Presiden Trump baru saja mengumumkan bahwa Amerika Serikat (AS) menarik diri
dari Paris Agreement. Paris Agreement adalah konferensi perubahan iklim yang berlangsung
di Paris pada tahun 2015 sebagai pengganti Protokol Kyoto (1997) yang menyepakati adanya
pembatasan terhadap kenaikan suhu global di bawah dua derajat celcius. Pada era Protokol
Kyoto, AS tidak mau ikut meratifikasinya karena dianggap merugikan perekonomian dalam
negeri. Pada Paris Agreement, AS di bawah kepemimpinan Obama ikut meratifikasi dan
memiliki komitmen untuk mendukung kesepakatan tersebut. Lantas mengapa ketika
kepemimpinan presiden beralih ke Trump kemudian justru menarik diri dari kesepakatan itu?

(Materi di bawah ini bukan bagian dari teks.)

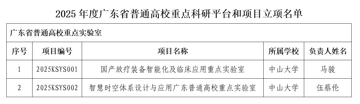 图1 2025年度广东省普通高校重点实验室名单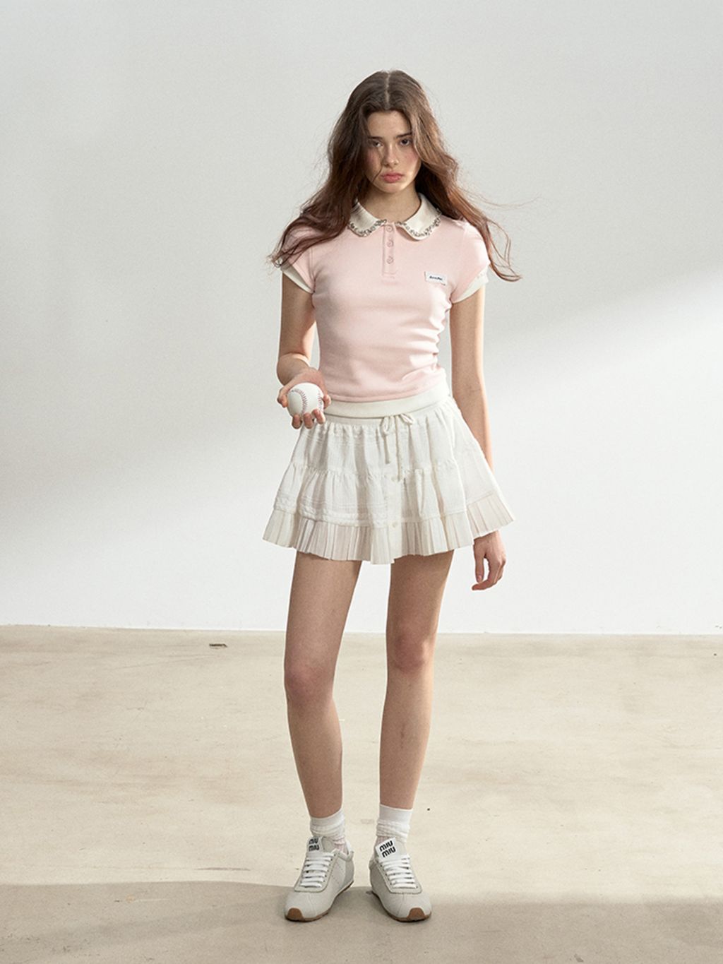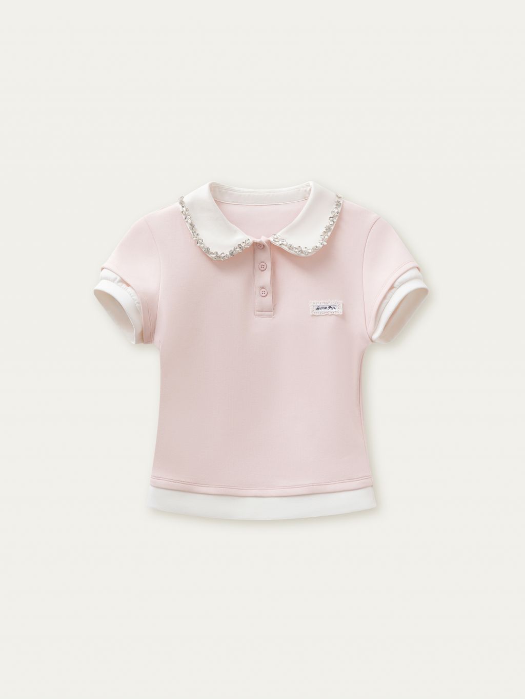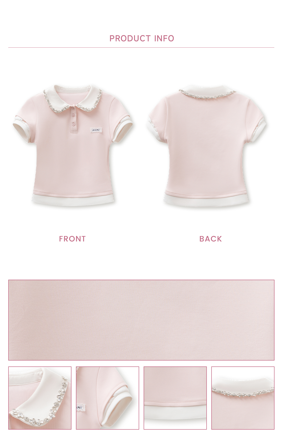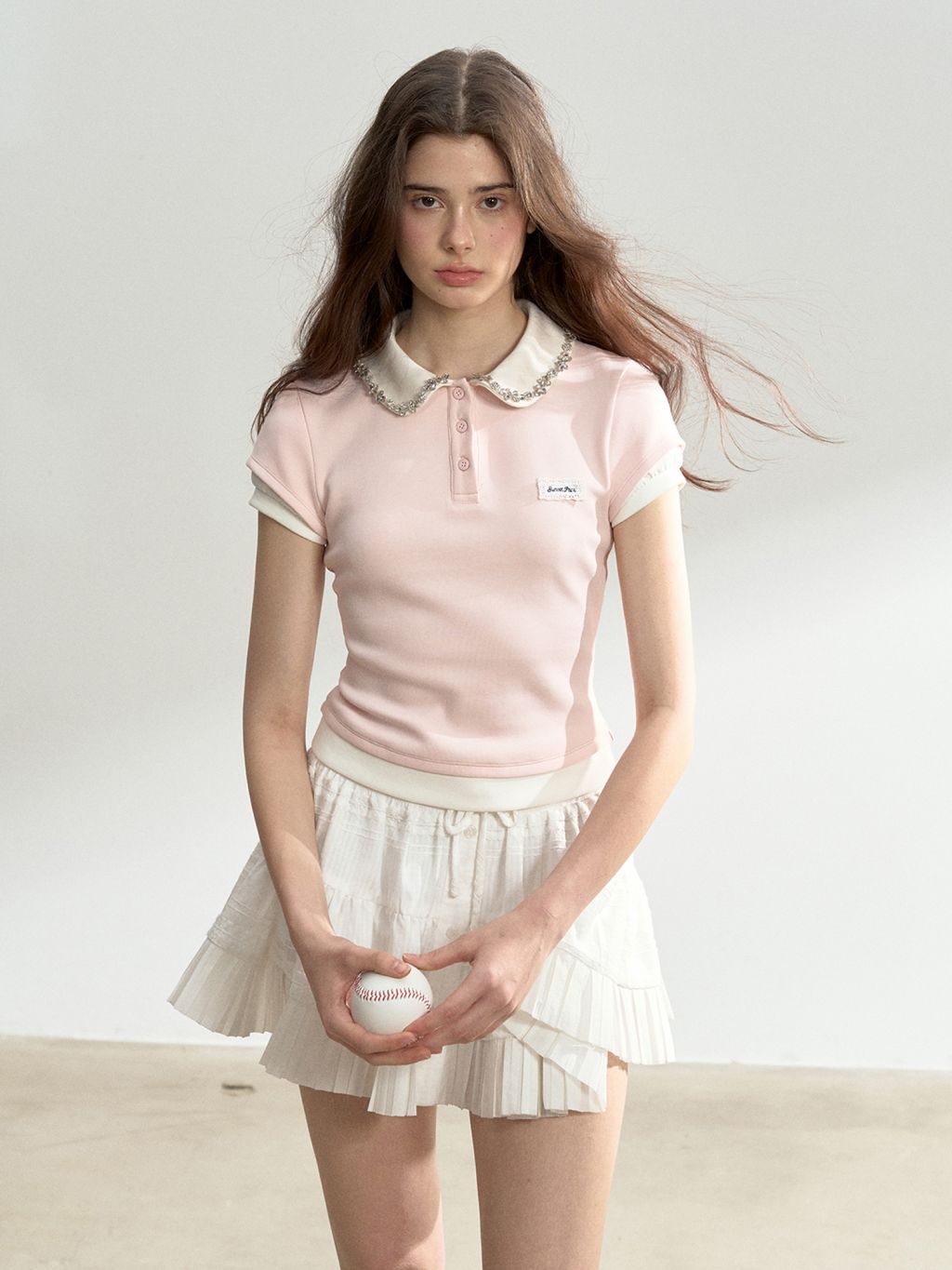 Fake 2-Piece Jewel Collar Polo T-Shirt

Clinton sebagai calon dari Partai Demokrat tentu tidak akan jauh dari pendahulunya
dalam mengambil kebijakan terkait dengan perubahan iklim. Clinton memandang bahwa
perubahan iklim tidak hanya menjadi isu nasional, namun juga merupakan permasalahan
global yang menjadi tanggungjawab setiap negara di dunia untuk mengatasinya. Perubahan
iklim harus diatasi dengan kerjasama dan mekanisme global dalam bentuk perjanjian
internasional.
Donald Trump sebagai capres dari kubu Republik memiliki cara pandang yang sangat
bertolak belakang dengan Clinton. Trump tidak menjadikan isu perubahan iklim sebagai isu
penting. Ia bahkan meragukan fakta tentang terjadinya perubahan iklim. Melalui media
sosial, Trump dengan bahasa yang sarkastik menyatakan bahwa perubahan iklim sebagai a
hoax invented by the Chinese. Perubahan iklim dipandang sebagai isu yang diciptakan oleh
China untuk membendung laju industri AS agar tidak kompetitif di tataran global.

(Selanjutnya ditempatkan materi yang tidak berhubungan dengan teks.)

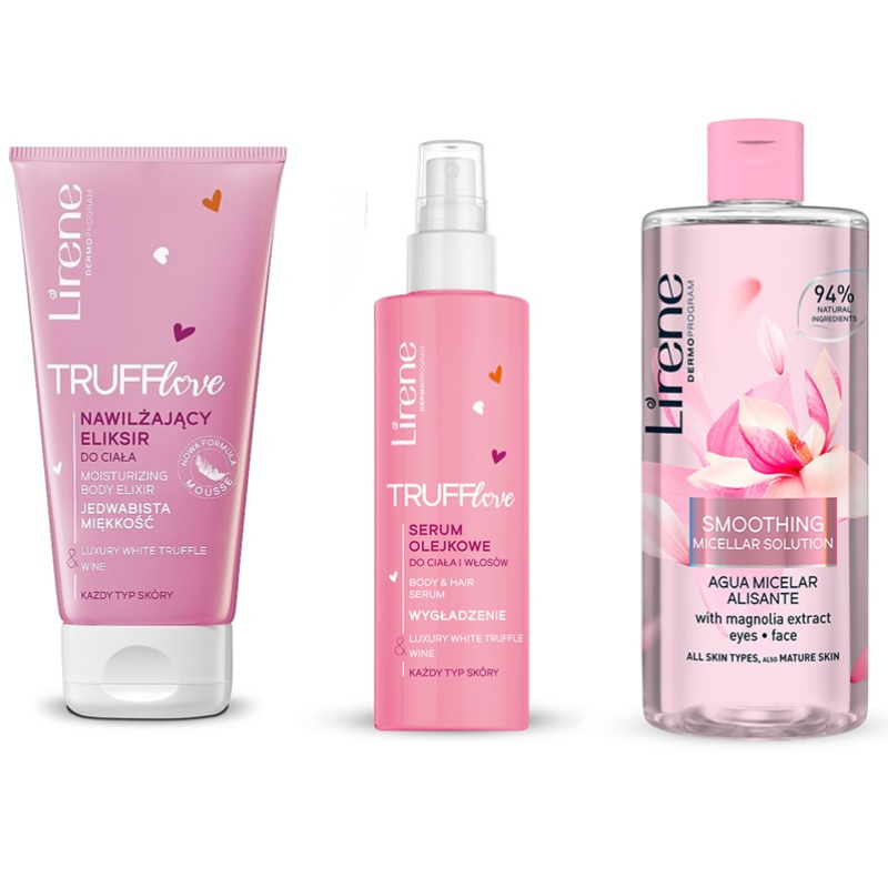Lirene Truff Love Body Set Valentine 2024 is the perfect indulgence for your skin this Valentine?s Day. This luxurious set includes a fragrant body lotion and shower gel, both enriched with nourishing ingredients to hydrate and soften your skin. The elegant, sweet scent of truffle adds a romantic touch, leaving your skin smelling delightful all day. Ideal for gifting or self-care, Lirene Truff Love Body Set provides a pampering experience that leaves your skin feeling smooth, moisturized, and beautifully scented. Celebrate love with this enchanting skincare set.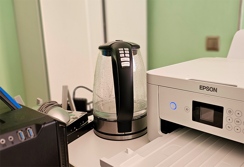Не могу не спросить - а зачем держать рядом с собой чайник?.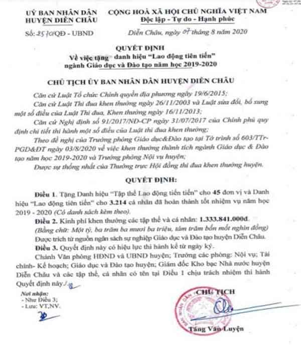 Cụ thể, ngày 7/8, UBND huyện Diễn Châu có Công văn số 2570/QĐ-UBND Quyết định về việc tặng danh hiệu “Lao động tiên tiến” ngành GD-ĐT năm học 2019 - 2020. Trong đó, tặng danh hiệu “Tập thể Lao động tiên tiến” cho 45 đơn vị và danh hiệu “Lao động tiên tiến” cho 3.214 cá nhân đã hoàn thành tốt nhiệm vụ năm học 2019 - 2020. Tổng kinh phí khen thưởng hơn 1,3 tỷ đồng. Hiện số tiền này đã cấp về cho các trường khen thưởng cho giáo viên năm học 2019 - 2020.
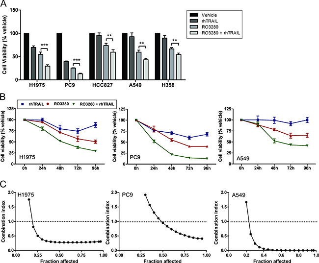 Figure 2: Synergistic effect of RO3280 and rhTRAIL combined treatment in NSCLC cells. Cells were cultured simultaneously with 50 nM RO3280 and 20 ng/ml rhTRAIL (A, B) and an increased concentration of RO3280 (nM) and rhTRAIL (ng/ml): 1) 0:0; 2) 0.05:0.02; 3) 0.5:0.2; 4) 5:2; 5) 50:20; 6) 500:200; 7) 5000:2000 (C). Cell viability was analyzed by MTS assays after 72 hrs incubation (A) or at indicated time points (n = 4, mean ± SD) (B). The combination index/fraction affected curve was calculated with the Compusyn program (C).

Adanya pengunduran diri Trump dari Paris Agreement merupakan janji yang sudah
diusung sejak kampanye pencapresannya. Dalam kampanyenya, Trump menyatakan akan
membatalkan kebijakan perlindungan lingkungan yang telah dicanangkan Obama. Ia
berkeinginan untuk membatalkan kesepakatan Paris yang telah ditandatangi presiden
sebelumnya. Perjanjian internasional lain yang merugikan kepentingan ekonomi AS juga
hendak dibatalkan. Trump ingin agar produksi energi fosil AS ditingkatkan. Ia menyebut
langkah ini sebagai upaya untuk mengembalikan kejayaan AS dalam industri minyak dan
batubara.
Langkah yang diambil Trump tentu menarik bagi kalangan industri produsen bahan
bakar fosil (minyak bumi dan batubara) dan industri yang banyak menggunakan energi
berbasis fosil seperti listrik, dan transportasi. Karena itulah kalangan ini banyak mendukung
upaya Trump dan Partai Republik dalam upaya menghentikan langkah-langkah yang
dilakukan Obama. Mereka berargumen bahwa upaya Obama telah berdampak pada naiknya
tingkat kemiskinan masyarakat termiskin di AS karena kenaikan biaya-biaya untuk listrik dan
transportasi. Mereka berlindung di balik argumen itu untuk menutupi keengganan mereka
beralih ke energi alternatif terbarukan yang ramah lingkungan. Mereka juga ingin
menghindar dari kewajiban mendonasikan dana kelebihan emisinya ke negara-negara
berkembang sebagai konsekuensi dari komitmen yang ditandatangani Obama.
Dari sini terang sudah mengapa Trump mundur dari Paris Agreement. Tabik!